* [Input data]
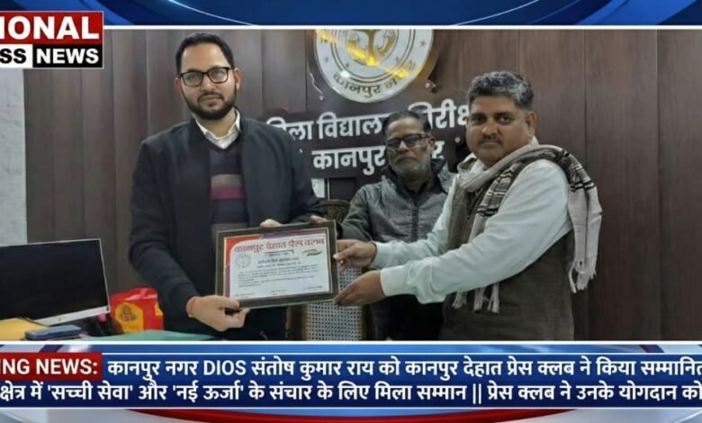 कानपुर(रीजनल एक्सप्रेस)। शिक्षा के क्षेत्र में उत्कृष्ट योगदान और समाज के प्रति अपनी जिम्मेदारियों का बखूबी निर्वहन करने के लिए कानपुर नगर के जिला विद्यालय निरीक्षक (DIOS), संतोष कुमार राय को गुरुवार को एक गरिमामयी माहौल में सम्मानित किया गया। यह विशेष सम्मान उन्हें कानपुर देहात प्रेस क्लब की टीम द्वारा उनके कार्यालय में प्रदान किया गया।
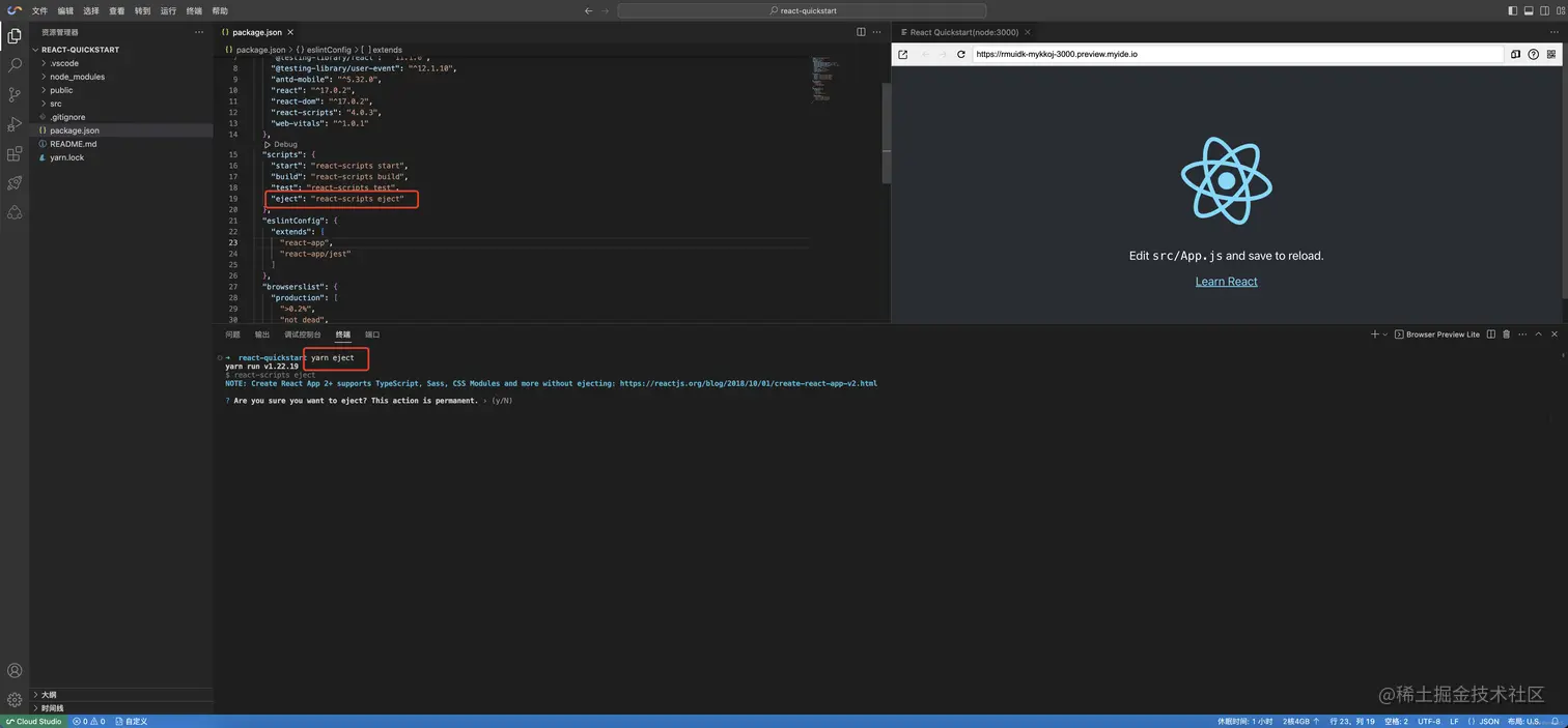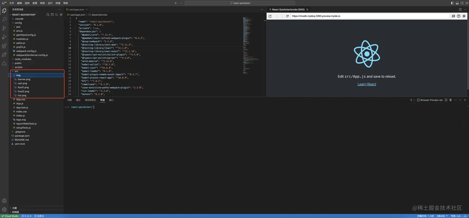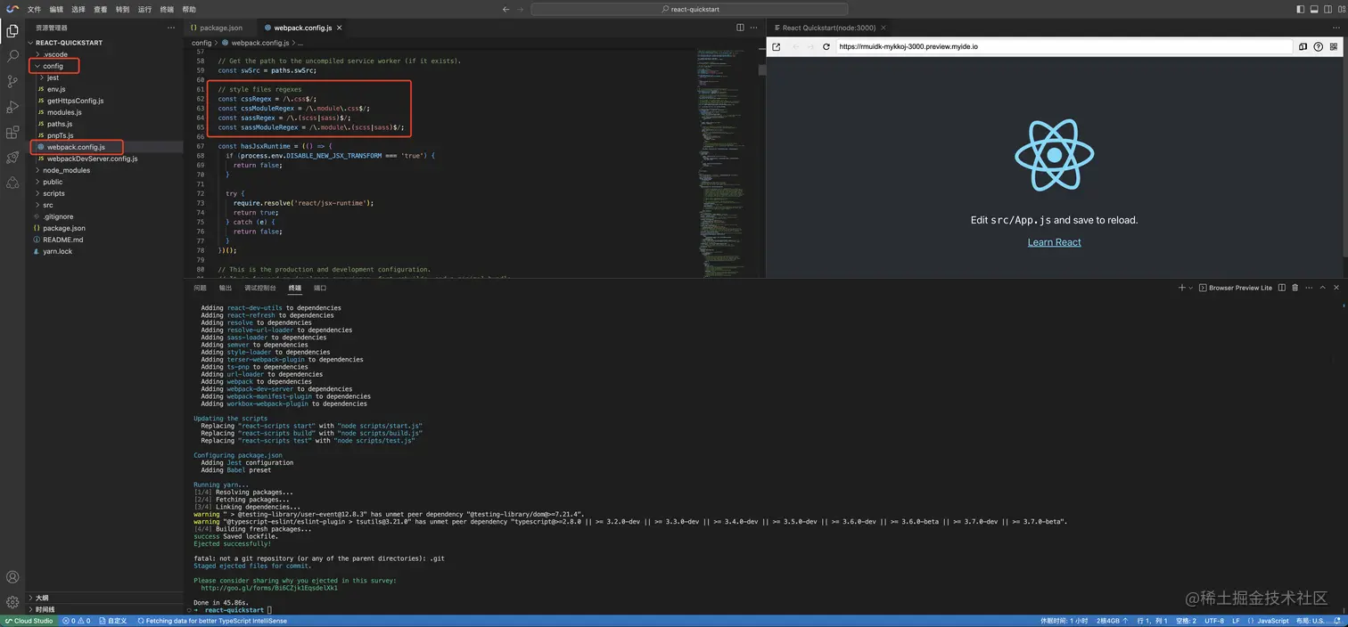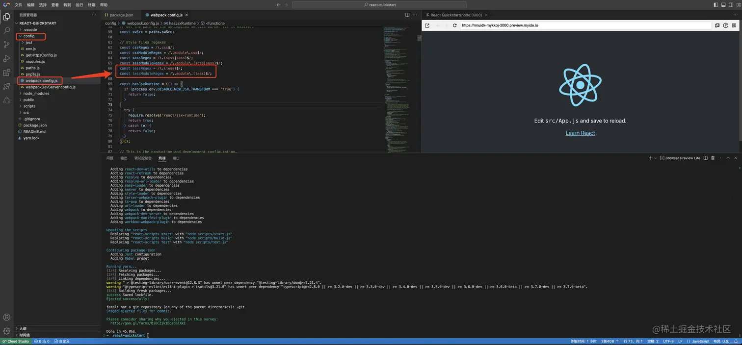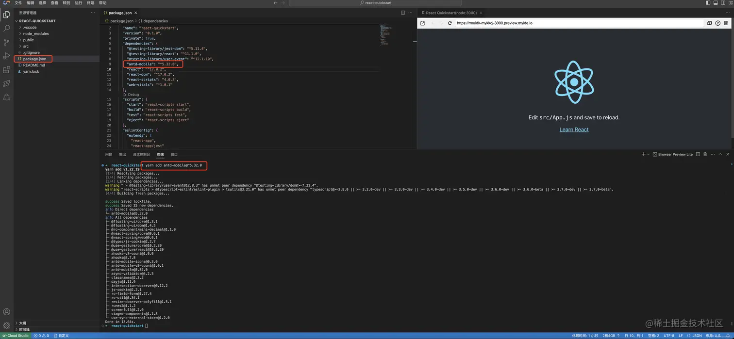 可以看到初始化左侧代码后,控制台会安装依赖及启动一个 React 简单的模板项目。
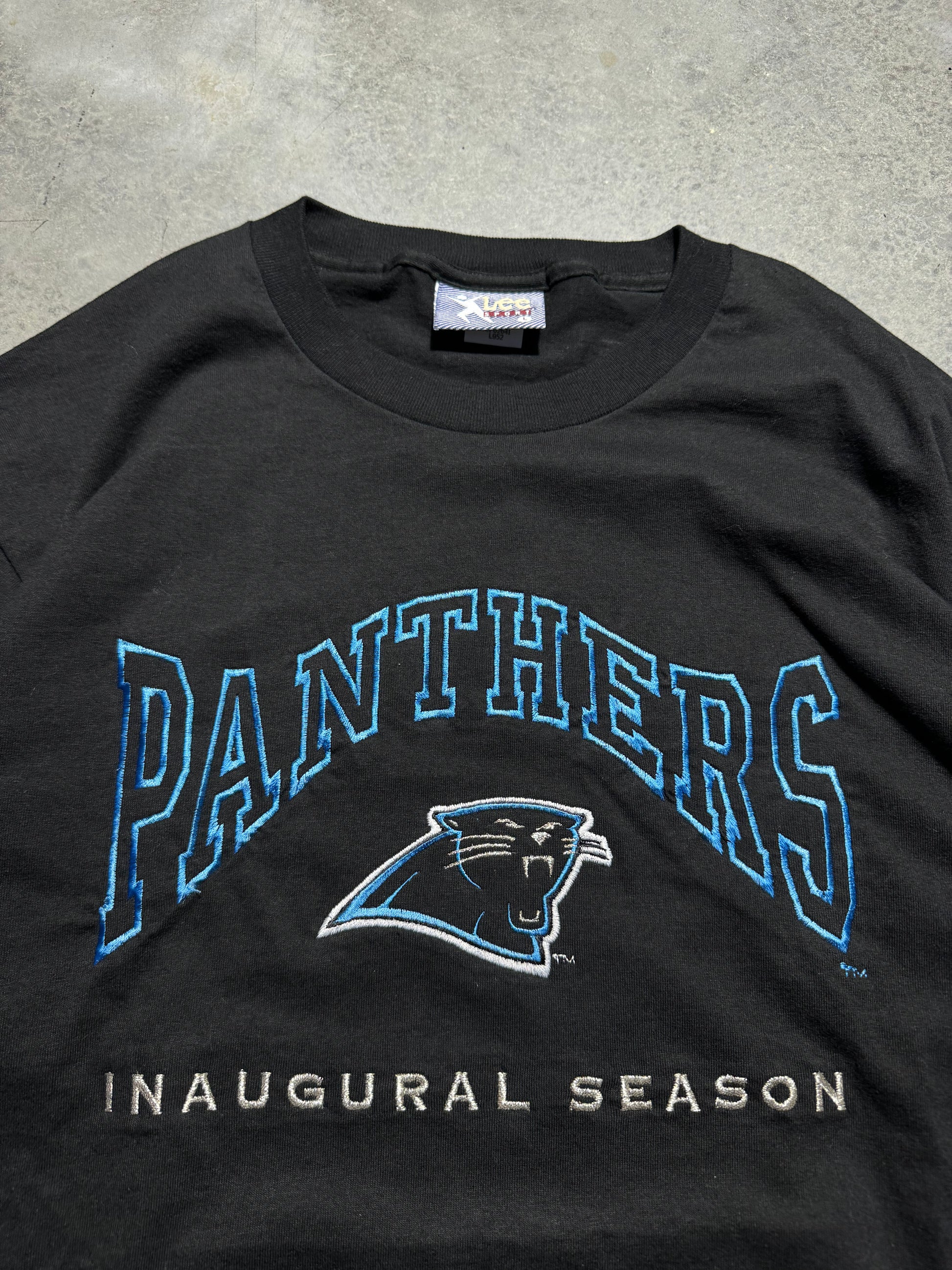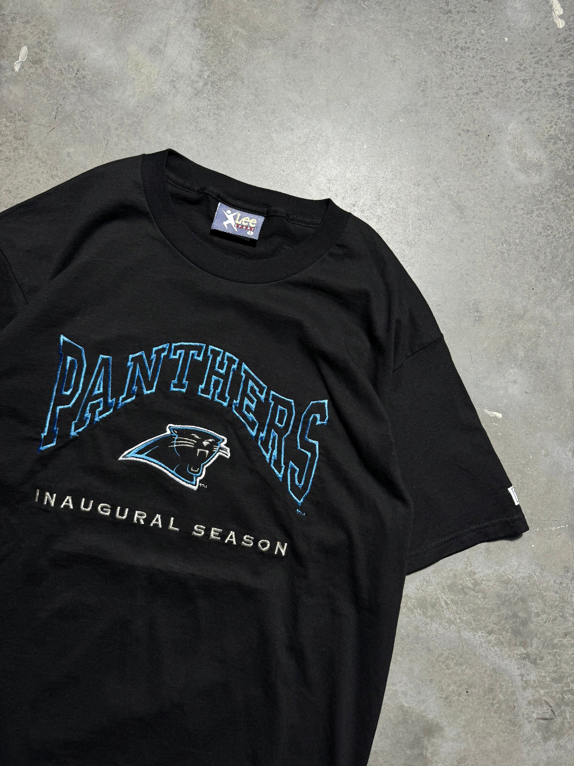 1995 Carolina Panthers Vintage Black Lee Sport Embroidered Inaugural Season NFL Tee (Large)

* [The task] In the listing, find the line containing "可以看到初始化左侧代码后,控制台会安装依赖及启动一个 React 简单的模板项目。" and repeat it and every later line through the last one, word for word, excluding the pictures.

* [Answer area]
 可以看到初始化左侧代码后,控制台会安装依赖及启动一个 React 简单的模板项目。
 1995 Carolina Panthers Vintage Black Lee Sport Embroidered Inaugural Season NFL Tee (Large)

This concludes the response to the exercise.